What makes keratosis pilaris better?
Unfortunately, there is no permanent cure for keratosis pilaris, but there are some tricks to keep it at bay. The main thing to remember is that KP gets worse when your skin gets dry, so make sure you exfoliate and moisturize the skin, especially in those dry winter months. Here are some tips for treating your keratosis pilaris:
- Warm, short showers: Taking shorter showers or baths with warm water rather than hot will help seal in moisture instead of drying you out.
- Chemical exfoliation: Gently exfoliating the skin daily with a chemical exfoliant can help slough off keratin plugs that are responsible for forming KP. NOTE: Do not scrub your skin harshly with a physical exfoliator or scrub brush. This will only irritate your KP even more.
- Moisturizer: Apply a hydrating, non-comedogenic moisturizer generously on the skin. This can be done up to twice daily.
- Humidifier: Use a humidifier to add extra moisture to the air in your home to avoid drying out your skin.
Natural treatments for KP
Okay, so you can’t completely cure keratosis pilaris, but there are some seriously badass ingredients that are amazing at clearing it up. Just remember: KP needs a 50/50 balance between exfoliating and moisturizing in order to slough off that excess keratin while still sealing in the moisture.

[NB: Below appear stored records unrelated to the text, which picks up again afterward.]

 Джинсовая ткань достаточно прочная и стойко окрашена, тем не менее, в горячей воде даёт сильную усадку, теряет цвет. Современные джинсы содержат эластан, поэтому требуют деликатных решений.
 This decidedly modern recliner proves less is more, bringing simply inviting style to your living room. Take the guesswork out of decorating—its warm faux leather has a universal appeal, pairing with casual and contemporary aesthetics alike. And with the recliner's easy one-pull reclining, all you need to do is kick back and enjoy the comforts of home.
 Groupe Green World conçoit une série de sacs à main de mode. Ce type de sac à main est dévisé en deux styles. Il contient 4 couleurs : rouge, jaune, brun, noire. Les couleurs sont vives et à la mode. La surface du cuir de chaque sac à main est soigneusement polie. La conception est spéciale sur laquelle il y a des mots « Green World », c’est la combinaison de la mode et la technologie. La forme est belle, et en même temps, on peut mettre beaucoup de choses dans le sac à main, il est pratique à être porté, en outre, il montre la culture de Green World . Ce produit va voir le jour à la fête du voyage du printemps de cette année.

Here are some must-haves for treating keratosis pilaris:
AHA (alpha hydroxy) Acids
Alpha hydroxy acids are serious game-changers for people struggling with KP! These gentle acids are chemical exfoliators, which means that they remove dead skin cells and clogged hair follicles from the surface of the skin to reveal new, healthy skin underneath. Here are a few highly effective alpha hydroxy acids to try:
- Lactic Acid (8-10% in the product)
- Mandelic Acid
- Salicylic Acid
- Glycolic Acid
- Sulfonic Acid
Finding a good moisturizer can be an uphill battle sometimes. There are so many out there and so many that contain sneaky, pore-clogging ingredients. You want to keep your skin hydrated without feeling greasy or weighed down - we know the drill! Here are some of our favorite moisturizing ingredients that can really help with keratosis pilaris:
- Panthenol: Another name for this ingredient is pro-vitamin B5. Panthenol is ultra-moisturizing and skin smoothing - a perfect combo for pesky KP!
- Niacinamide: A form of vitamin B3 that prevents acne, is super moisturizing and ultra brightening.

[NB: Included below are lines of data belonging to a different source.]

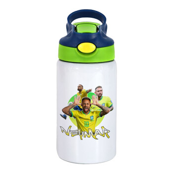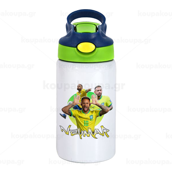 Neymar JR, Children's hot water bottle, stainless steel, with safety straw, green, blue (350ml)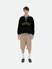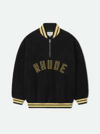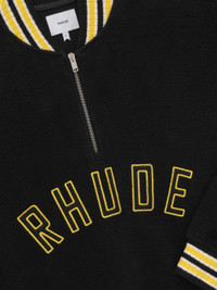 Lightweight quarter-zip jacket showcases embroidered RHUDE lettering on the front. It comes with a quarter zipper closure and features pull over styling, ribbed collar, waist, and cuffs for added style and comfort. 100% COTTON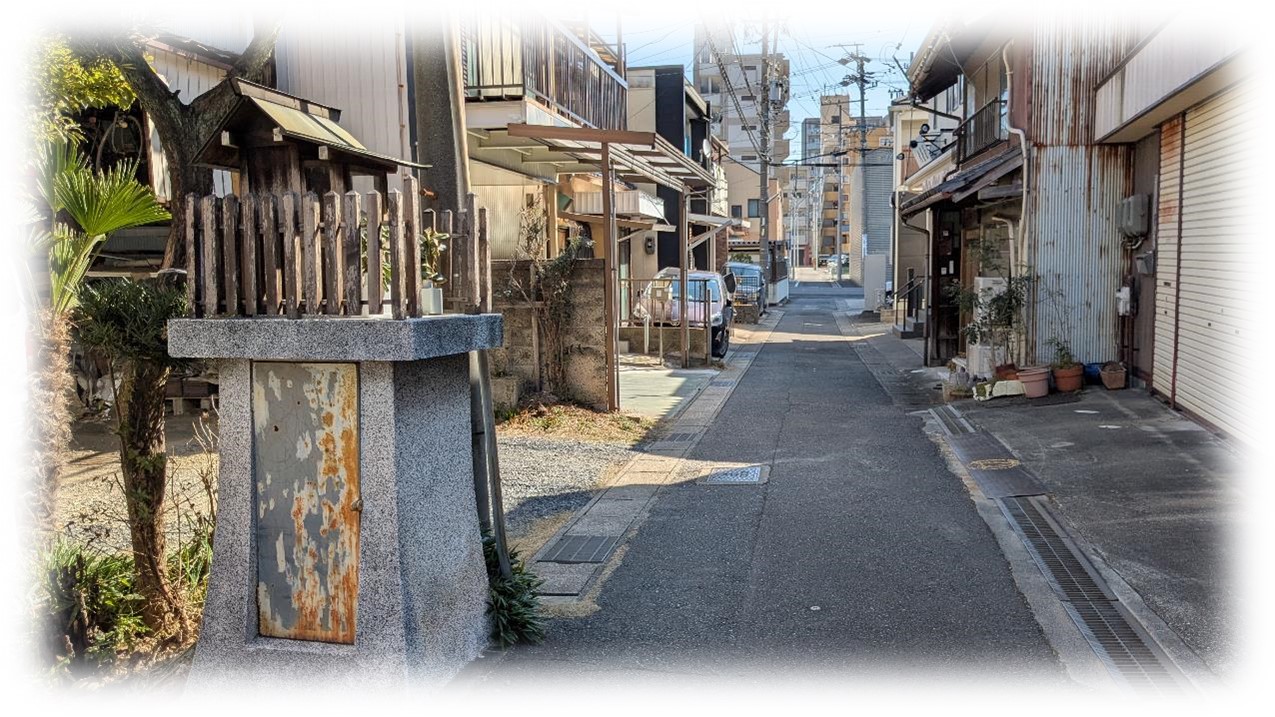 住宅が密集する細い路地に祀られた姿から恐らく秋葉神社のように思われます。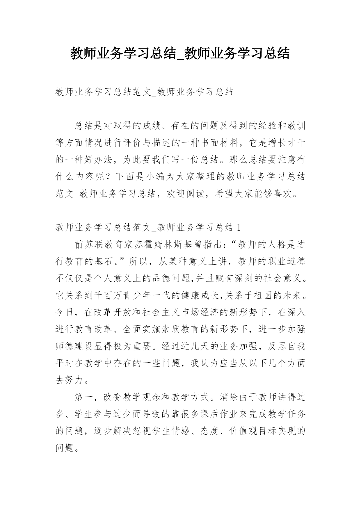 教师业务学习总结_教师业务学习总结教师业务学习总结范文_教师业务学习总结1前苏联教育家苏霍姆林斯基曾指出:“教师的人格是进行教育的基石。”所以,从某种意义上讲,教师的职业道德不仅仅是个人意义上的品德问题,并且赋有深刻的社会意义。它关系到千百万青少年一代的健康成长,关系于祖国的未来。今日,在改革开放和社会主义市场经济的新形势下,在深入进行教育改革、全面实施素质教育的新形势下,进一步加强师德建设显得极为重要。经过近几天的业务加强,反思自我平时在教学中存在的一些问题,我认为应当从以下几个方面去努力。第一,改变教

- Allantoin: This is a keratolytic agent, which means it helps soften and smooth the skin all while shedding dead skin cells.
- Aloe: We all know aloe for its healing properties. It’s an antioxidant, anti-inflammatory, super soothing, and incredibly moisturizing.
Helpful products for keratosis pilaris
Here’s a few products that are super helpful for clearing KP:
- Amlactin Daily: This everyday moisturizer contains clinically proven 12% lactic acid to boost the skin’s natural renewal process through gentle exfoliation. It leaves skin feeling smooth & hydrated.
- Touch KP Exfoliating Lotion: This Keratosis Pilaris treatment has two key ingredients: glycolic acid that exfoliates away surface bumps and oil soluble salicylic acid which can go deep into hair follicles and pores to target the source of KP, reducing inflammation and redness.
- Almond Clear’s New KP Lotion (coming soon): Our formula will be perfect for sensitive and acne/folliculitis prone skin.
The big takeaway
Although keratosis pilaris cannot be totally cured, you don’t have to live with it forever. Just remember to find products that assist in keeping a 50/50 balance of exfoliation and hydration, and you should be good to go!